HR Excellence Awards 2023 Singapore
Hybrid workers surveyed say they are eating, sleeping, and exercising better

Hybrid workers surveyed say they are eating, sleeping, and exercising better


The additional time in bed each morning equates to 71 extra hours – or three days – of sleep a year.

Hybrid working could have a better impact on the workforce than we think, as research shows.

According to a new study by IWG, involving more than 2,000 hybrid workers, this form of work arrangement is leading to a healthier workforce, with employees dedicating more time to exercising, sleeping, and eating healthily. As cited by the respondents, the time saved on commuting has resulted in both health and wellbeing benefits such as weight loss, better cooking habits, improved mental health, and a longer night’s sleep.

In particular, the study revealed:

  • Looking at exercise, the average hybrid worker is now getting 4.7 hours of exercise a week, compared to 3.4 hours before the pandemic, with the most common forms of exercise being walking, running, and strength training.
  • They are also sleeping longer, with the additional time in bed each morning equating to 71 extra hours – or three days – of sleep a year.
  • Eating habits have also dramatically improved, with 70% of hybrid workers saying the form of working gives them the time to prepare a healthy breakfast every day, while more than half (54%) have additional time to spend cooking nutritious meals during the week.
  • Employees are eating more fresh fruit and vegetables (46% and 44% respectively), and one-fifth (20%) are eating more fish. Further, one-quarter have also cut their intake of sweets since pre-2020.

As the study found, more than one in four (27%) employees have experienced weight loss since making these lifestyle changes, with the biggest drivers being increased time for exercise (65%), and more time to cook healthy meals (54%).

On the work front, productivity has also seen an improvement as a result of working hybrid – with external research cited in the study finding that overall, productivity has increased by 3-4% due to hybrid working, thus "showing tangible benefit for both businesses and staff." At the same time, close to four in five (79%) said they have been more productive over the past three years.

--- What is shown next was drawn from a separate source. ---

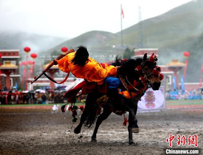 圖為玉樹傳統(tǒng)賽馬會現(xiàn)場的馬術(shù)表演。薛蒂 攝
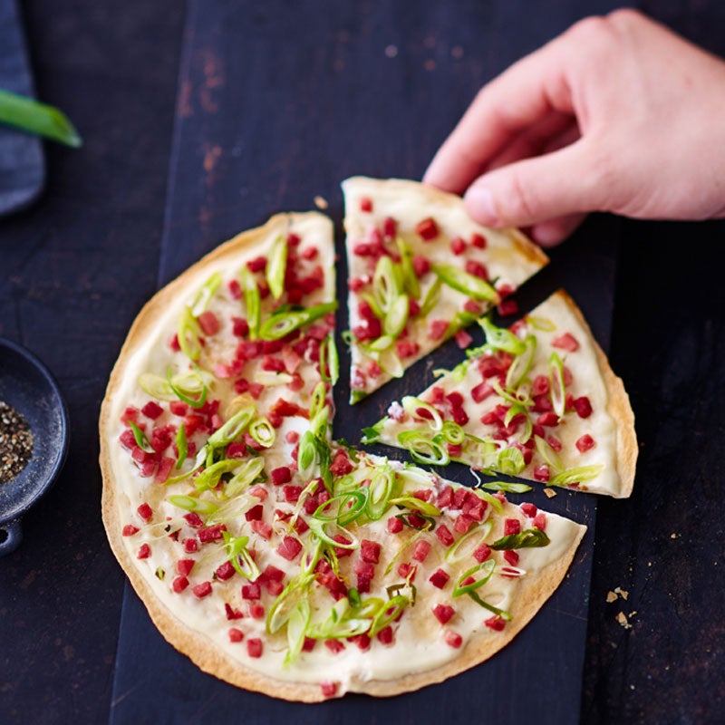 Flammkuchen im Backofen auf mittlerer Schiene ca. 10 Minuten backen.

Why is this so? Nearly half (47%) said it was because they faced less work-related stress, while a similar number (46%) said it was a result of having more time to relax and unwind after work. 

Taking all of the above collectively, the biggest impact of hybrid working has been on the mental health of employees. Given the improved productivity and work, alongside more free time outside of work, about two-thirds (66%) of the respondents believe their mental health is good as a result of this work arrangement. In fact, 81% said they have had additional personal time as compared to pre-2020.

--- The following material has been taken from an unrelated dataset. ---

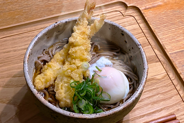 温かいかけそばに、海老天、温泉卵、刻みネギを乗せた一杯。

Of this 81%, the majority spend this time promoting their health and wellbeing by taking short walks during the day (67%), and spending time with family and friends (55%).

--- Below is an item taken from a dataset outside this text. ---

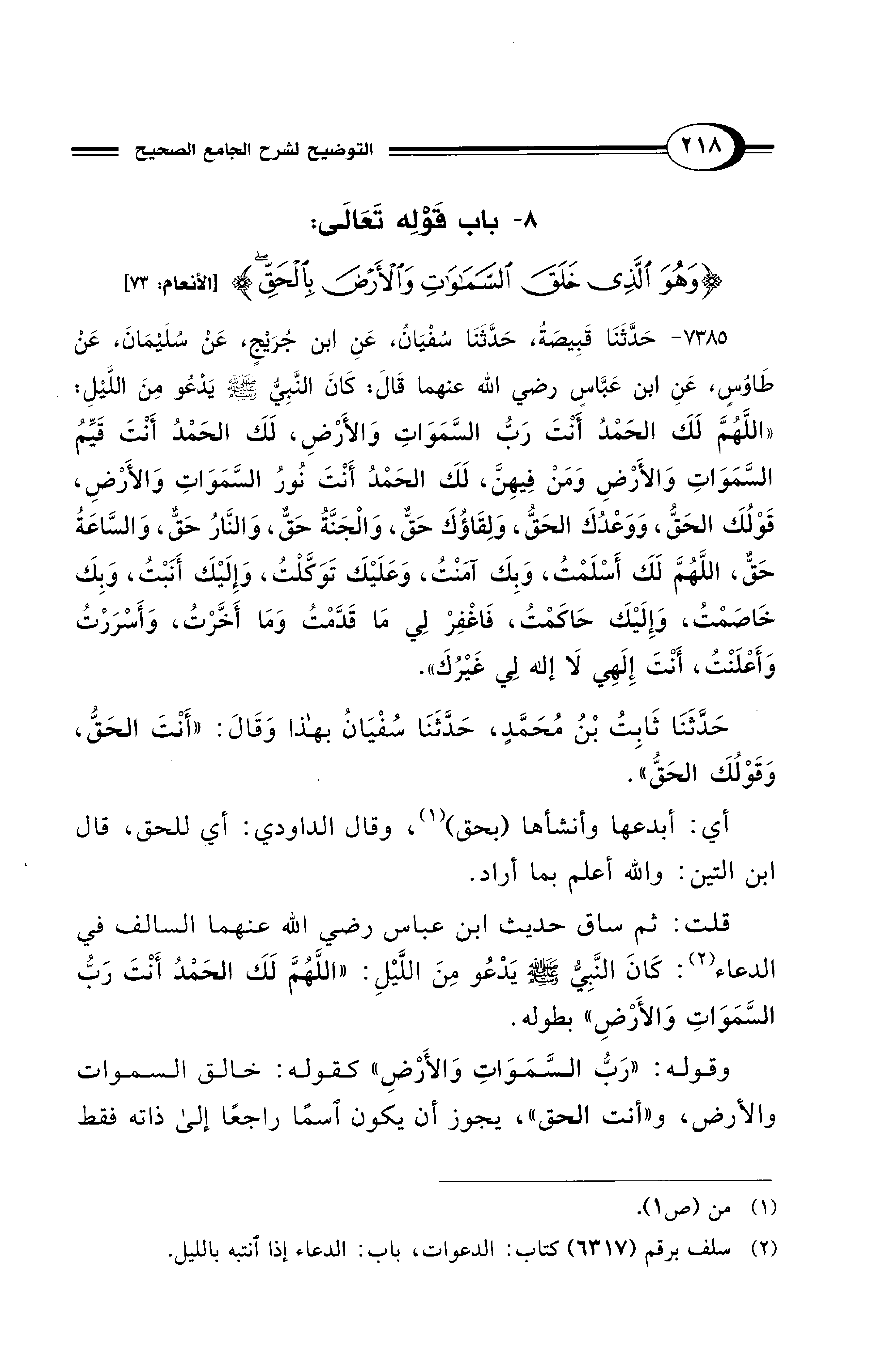 7385 - حَدَّثَنَا قَبِيصَةُ، حَدَّثَنَا سُفْيَانُ، عَنِ ابْنِ جُرَيْجٍ، عَنْ سُلَيْمَانَ، عَنْ طَاوُسٍ، عَنِ ابْنِ عَبَّاسٍ - رضي الله عنهما - قَالَ: كَانَ النَّبِيُّ - صلى الله عليه وسلم - يَدْعُو مِنَ اللَّيْلِ: «اللَّهُمَّ لَكَ الْحَمْدُ أَنْتَ رَبُّ السَّمَوَاتِ وَالأَرْضِ، لَكَ الْحَمْدُ أَنْتَ قَيِّمُ السَّمَوَاتِ وَالأَرْضِ وَمَنْ فِيهِنَّ، لَكَ الْحَمْدُ أَنْتَ نُورُ السَّمَوَاتِ وَالأَرْضِ، قَوْلُكَ الْحَقُّ، وَوَعْدُكَ الْحَقُّ، وَلِقَاؤُكَ حَقٌّ، وَالْجَنَّةُ حَقٌّ، وَالنَّارُ حَقٌّ، وَالسَّاعَةُ حَقٌّ، اللَّهُمَّ لَكَ أَسْلَمْتُ، وَبِكَ آمَنْتُ، وَعَلَيْكَ تَوَكَّلْتُ، وَإِلَيْكَ أَنَبْتُ، وَبِكَ خَاصَمْتُ، وَإِلَيْكَ حَاكَمْتُ، فَاغْفِرْ لِي مَا قَدَّمْتُ وَمَا أَخَّرْتُ، وَأَسْرَرْتُ وَأَعْلَنْتُ، أَنْتَ إِلَهِي لاَ إِلَهَ لِي غَيْرُكَ».

The study ran between 8-12 February 2023, and was carried out among 2,001 full-time employed respondents above the age of eighteen who are based in the UK, on whether they currently work in a hybrid setup and have only worked in a centralised office before the pandemic. The industries of the respondents are unspecified. While the survey was conducted in the UK, HRO believes the data remains relevant and will resonate with our readers in Asia.